Bereft of competitiveness, governors have failed to leverage their states’ unique human and natural resources. They have failed to stem mass urban migration, or retain their valuable young workforce through investments, or develop rural infrastructure and economic hubs.
The PUNCH recently reported how 28 states did not attract any Foreign Direct Investment in the first quarter of 2023. The eight others that did receive paltry sums far below their potential.
Also, the Infrastructure Concession Regulatory Commission says a sizeable portion of the 31,000 kilometres of road infrastructure belonging to the states are decrepit. Roads are critical for economic development, yet, inexcusably, about 87 per cent of Nigeria’s 130,000km rural road network is deplorable.
Unlike the defunct four regions of the First Republic, Nigeria’s states do not develop sustainable, autonomous economic plans. They rely on the funds from the FA. In a federation, this is a recipe for poverty.
Federalism is anchored on “dual sovereignty,” by which the federating units are primarily autonomous entities that willingly surrender some of their powers to a central government, but at the same time retain considerable responsibility for their own well-being.
A vibrant federation is ultimately the sum of all its constituent parts. In the world’s 24 other federations, the units are primary drivers of the local and national economy. A report filed for Australia’s federal government noted that India operates “both a national economy and a series of sub-national economies each with distinct growth trajectories and regulatory regimes.” Its 28 states independently develop growth drivers and investment climates, each requiring its own strategy.

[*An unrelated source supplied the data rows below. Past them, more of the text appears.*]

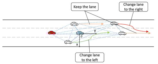 The present work uses the CAV to predict and correct the trajectories of surrounding vehicles. Following the same setting proposed by Deo and Trivedi [15], we discretize the space centered around the target vehicle into a 3 × 13 grid. The rows represent the current and adjacent lanes of target vehicle, and the columns represent discrete grid cells. Each surrounding vehicle is assigned a grid cell. As depicted in Figure 3, when a CAV predicts the trajectories of surrounding vehicles, in addition to their historical trajectories, we consider the interaction between vehicles and the lane changing behaviors of individual vehicles (e.g., change lane to right or left, or keep lanes). At the same time, the longitudinal behaviors of vehicles, including normal driving and braking, are also considered. Lane change behavior can be understood by the lane number where a vehicle is located. A 3 × 13 tensor is used to represent the lane changing behavior of the vehicle. When a value in the tensor is 1, the vehicle changes lanes to the corresponding lane. A vehicle is defined as performing a braking maneuver when its average speed within the predicted range is less than 0.75 times the speed at the time of prediction.
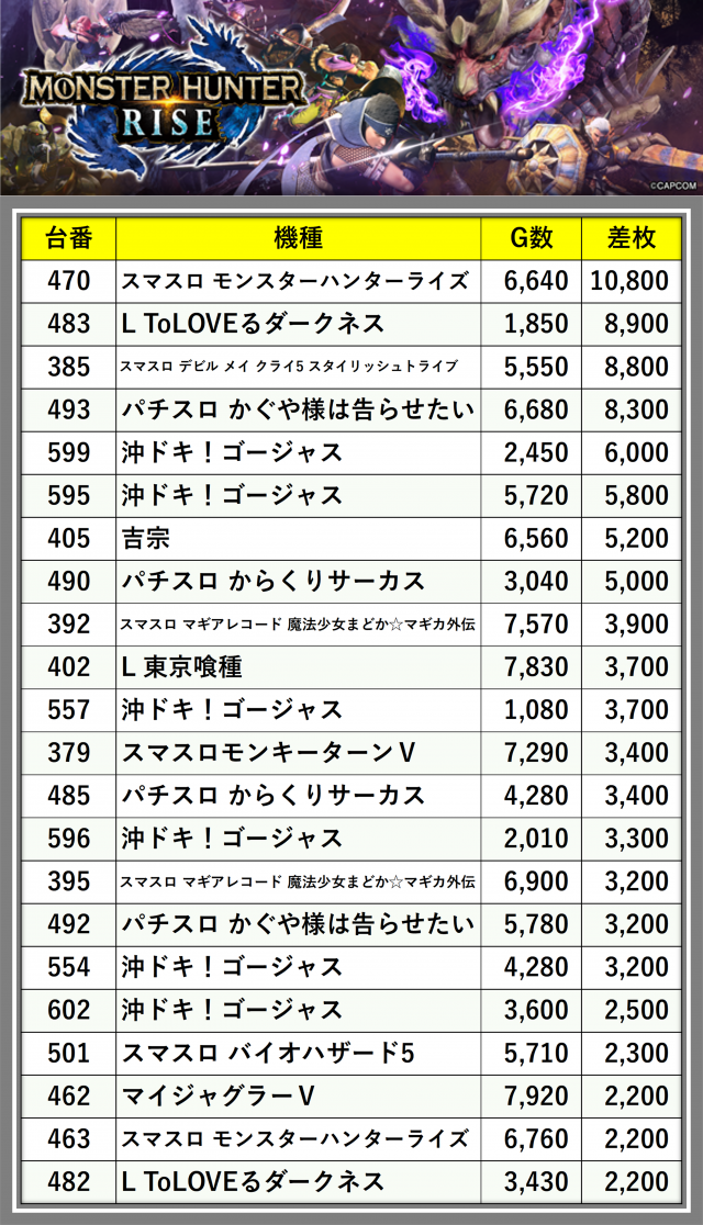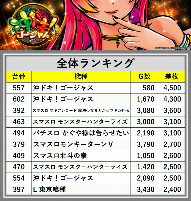 厳選された取材対象機種をはじめ、その他スロット全体から好記録が飛び出した!プレイヤーが楽しんだ1日を下記データにて振り返ってみて欲しい。
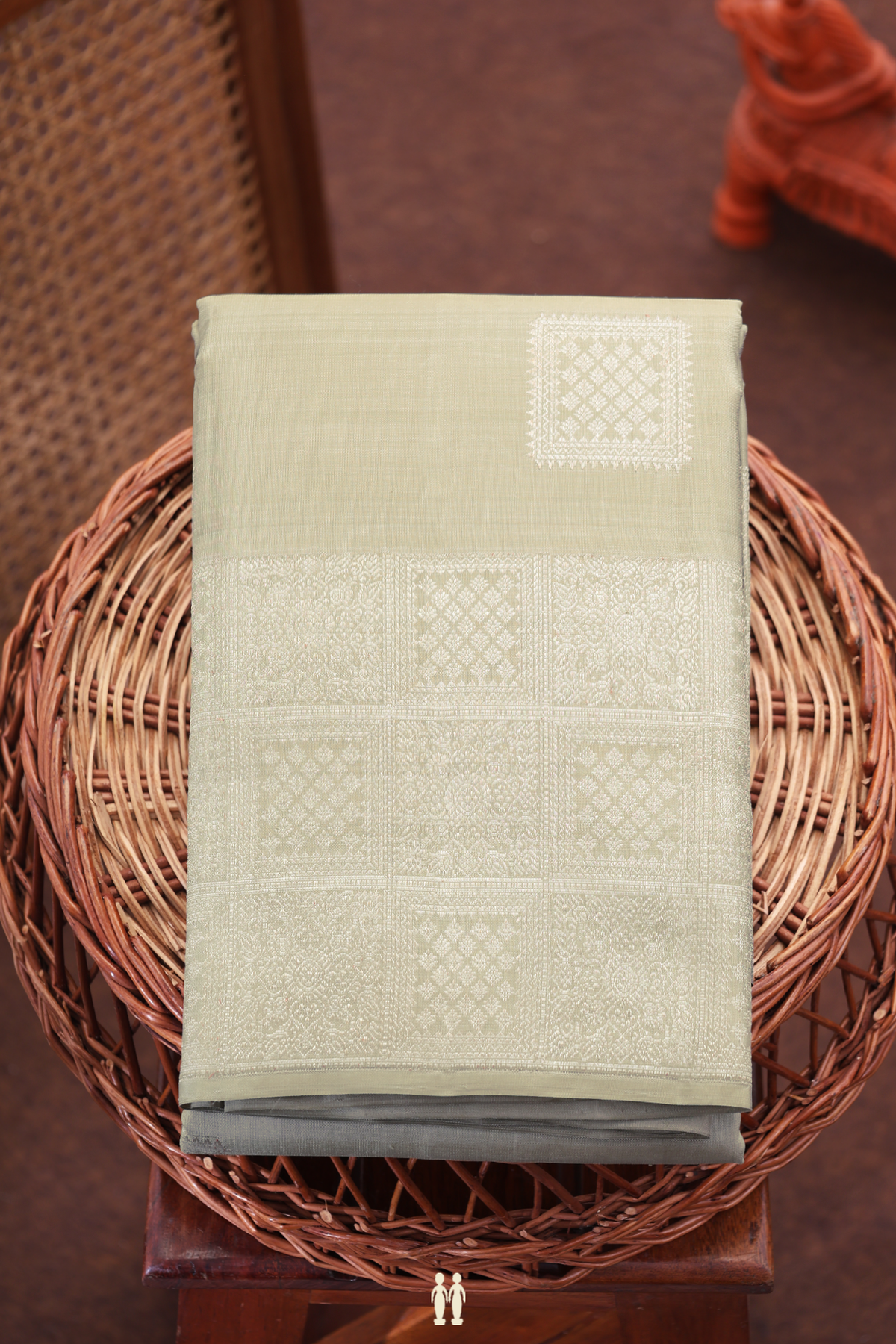 Elevate your wardrobe with this exquisite kanchipuram silk saree in a muted dusty green shade. Featuring elegant square motifs woven with precision, it beautifully blends tradition with contemporary style. The rich silk fabric ensures a graceful drape, perfect for formal occasions and celebrations. This saree is a timeless piece that reflects sophistication and refined craftsmanship.
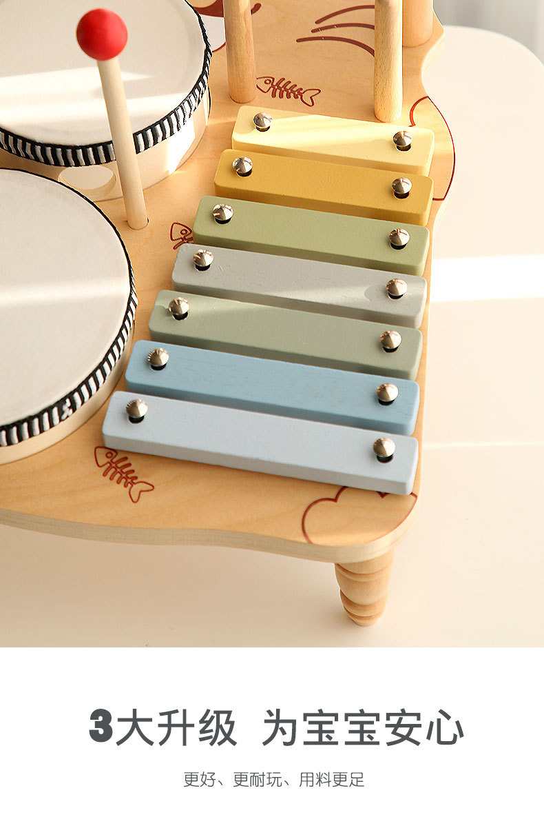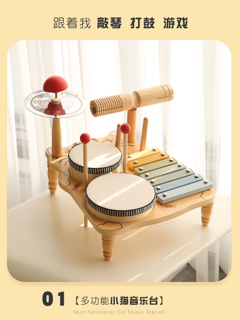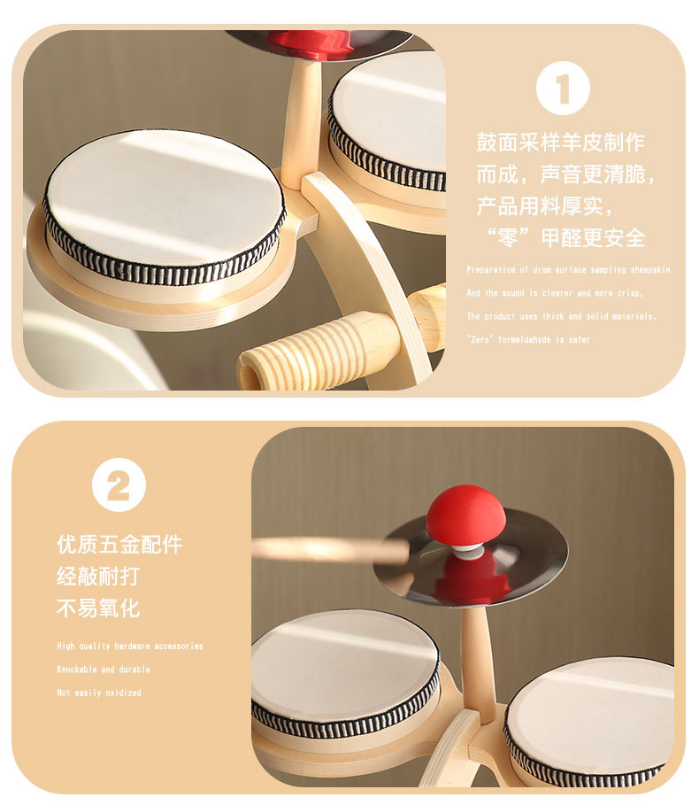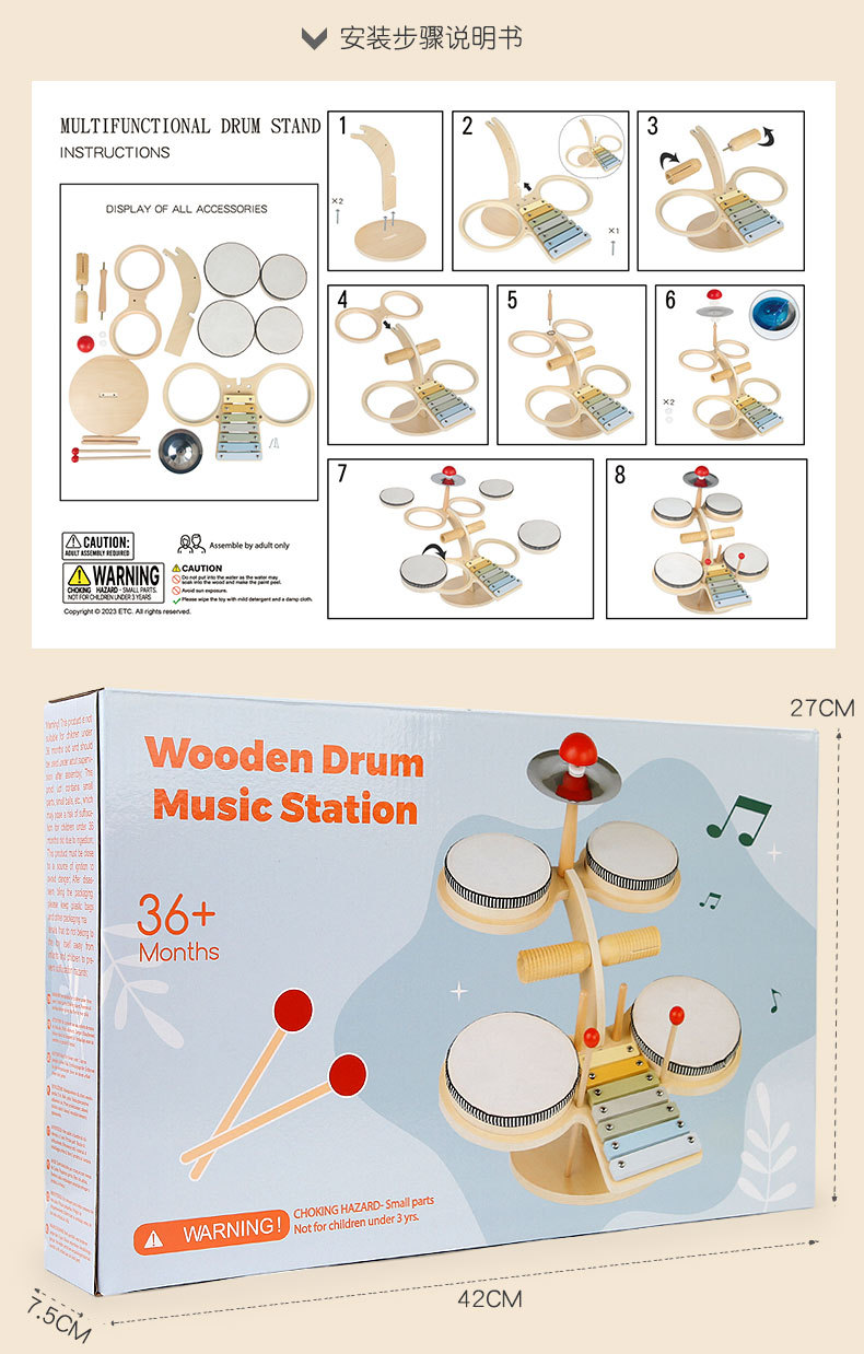Montessori madera educación temprana multifuncional tambor liberación bebé música talento color cognición educativa iluminación juguete

Competing with each other, eight of the states accounted for over 60 per cent of the country’s economic activity, five for 70 per cent of all the exports, and five attracted 71 per cent of FDI inflows 2000-2017, the Indian government reported. India’s $3.75 trillion GDP, the world’s fifth largest, is driven by the exertions of its central and sub-national units.
Nigeria’s states should similarly have economic plans, each setting out targets for growth in agriculture, mining, SMEs, manufacturing, exports, ICT, tax revenues, investment, and job creation. They should align sector-specific programmes with national and regional ones.
Many governors, past and present, are corrupt, wasteful, incompetent, and lack vision. The 36 states and the FCT, by March end, owed N49.85 trillion of the total outstanding national debt of N108.29 trillion, according to the Debt Management Office. There is little to show for it and the huge sums drawn over the years from the FA, except for the stupendous personal fortunes of most of them.
The current governors should change the narrative, assemble teams of seasoned, incorruptible technocrats, map out comprehensive economic and social programmes, and exploit all resources, material, and human, in their states to reverse Nigeria’s poverty trajectory.
Like Australia’s, Germany’s and India’s states, Canada’s provinces, and Switzerland’s cantons, they should devise business-friendly policies, invest heavily in rural infrastructure, education, health, and water supply/sanitation to attract domestic and foreign investment in agriculture, mining, manufacturing, ICT, services, and transportation.
They should drastically cut down the size and cost of governance, beginning with the cabinet, and the public service.
The times call for sacrifice by leadership, vision, and a culture of selfless service. The governors should rise to the challenge.